Беатрис поняла, что скрывается за этими словами. Теперь она была королевой Америки – и Америку охватил страх.
Слишком молодая, неопытная правительница. Но прежде всего Беатрис была женщиной. Пытающейся управлять страной, которой всегда руководили мужчины.
Если сейчас в Америке царила нестабильность, именно Беатрис была причиной этого.
Прежде чем она успела ответить, двойные двери гостиной распахнулись.
– Беатрис! Вот ты где.
На пороге стояла мама. Аделаида выглядела элегантно даже в дорожной одежде – узких темно-синих брюках и бледно-голубом свитере, – хотя теперь они сидели свободнее, чем раньше.
Горе давило ей на плечи, точно тяжелый плащ.
При виде Роберта королева Аделаида заколебалась.
– Извините, я не хотела прерывать вас.
Камергер поднялся на ноги.
– Ваше Величество, присоединяйтесь к нам. Мы как раз обсуждали свадьбу.
Аделаида повернулась к Беатрис и с особой теплотой в голосе спросила:
– Вы с Тедди назначили дату?
– На самом деле… Я не уверена, что готова выйти замуж. – Беатрис умоляюще посмотрела на маму. – Все слишком быстро. Разве ты не думаешь, что нам следует подождать какое-то время, чтобы оправиться от потери?
– О, Беатрис, – Аделаида с тяжелым вздохом опустилась на диван. – Мы никогда не перестанем горевать. Ты это знаешь, – мягко добавила она. – Со временем боль может стать меньше, но это не значит, что мы когда-нибудь перестанем чувствовать утрату. Мы просто научимся с ней жить.
Роберт энергично закивал.
Беатрис пыталась не обращать на него внимания.
– Нам всем сейчас не помешал бы какой-нибудь повод для счастья, для праздника. Не только Америке, но и нашей семье. – В глазах Аделаиды блеснула тоска. Она любила мужа всей душой, и теперь, когда он ушел, казалось, перенесла свою любовь на старшую дочь – союз Беатрис и Тедди стал для Аделаиды единственным источником надежды.
– Сейчас эта свадьба нужна нам как никогда, – вмешался Роберт.
Беатрис беспомощно переводила взгляд с одного собеседника на другого.
– Я понимаю, но… мы с Тедди так мало знаем друг друга.
Королева Аделаида вздрогнула.
– Беатрис. Ты передумала?
Беатрис посмотрела на обручальное кольцо на левой руке. Она носила его весь месяц лишь по привычке. Когда Тедди дал ей кольцо, это казалось сначала неправильным, но в какой-то момент Беатрис, должно быть, просто привыкла.
Это наглядно доказывало, что со временем действительно можно привыкнуть ко всему.

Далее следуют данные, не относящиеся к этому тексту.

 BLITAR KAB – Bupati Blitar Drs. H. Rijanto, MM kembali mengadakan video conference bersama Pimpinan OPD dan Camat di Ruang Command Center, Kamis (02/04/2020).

Кольцо было прекрасным – крупный бриллиант на ободке из белого золота. Более ста лет назад он принадлежал королеве Терезе, но теперь его так искусно отполировали, что любые повреждения померкли за сиянием.

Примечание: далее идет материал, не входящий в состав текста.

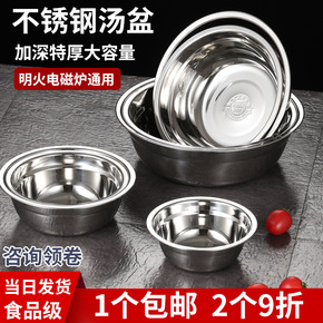 不锈钢盆碗304食品级汤盆加厚加深小盆子家用厨房铁...

Чем-то кольцо напоминало саму Беатрис.
Она вдруг поняла, что Роберт и мама ждут ответа.
– Я просто… Я скучаю по отцу.
– О, милая. Я знаю. – Слеза скатилась по щеке Аделаиды, оставляя одинокий след туши.

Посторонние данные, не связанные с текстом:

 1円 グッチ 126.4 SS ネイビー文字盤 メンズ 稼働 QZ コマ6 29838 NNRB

Она никогда не плакала – по крайней мере, на людях. Даже на похоронах сдерживала свои эмоции, пряча их за выражением бледного решительного стоицизма. Мать всегда говорила Беатрис, что королева должна проливать слезы наедине с собой, чтобы, когда придет время предстать перед нацией, она могла бы выступить источником силы. Вид этой слезы представлял такое же ошеломляющее и сюрреалистичное зрелище, как если бы одна из мраморных статуй в дворцовом саду начала плакать.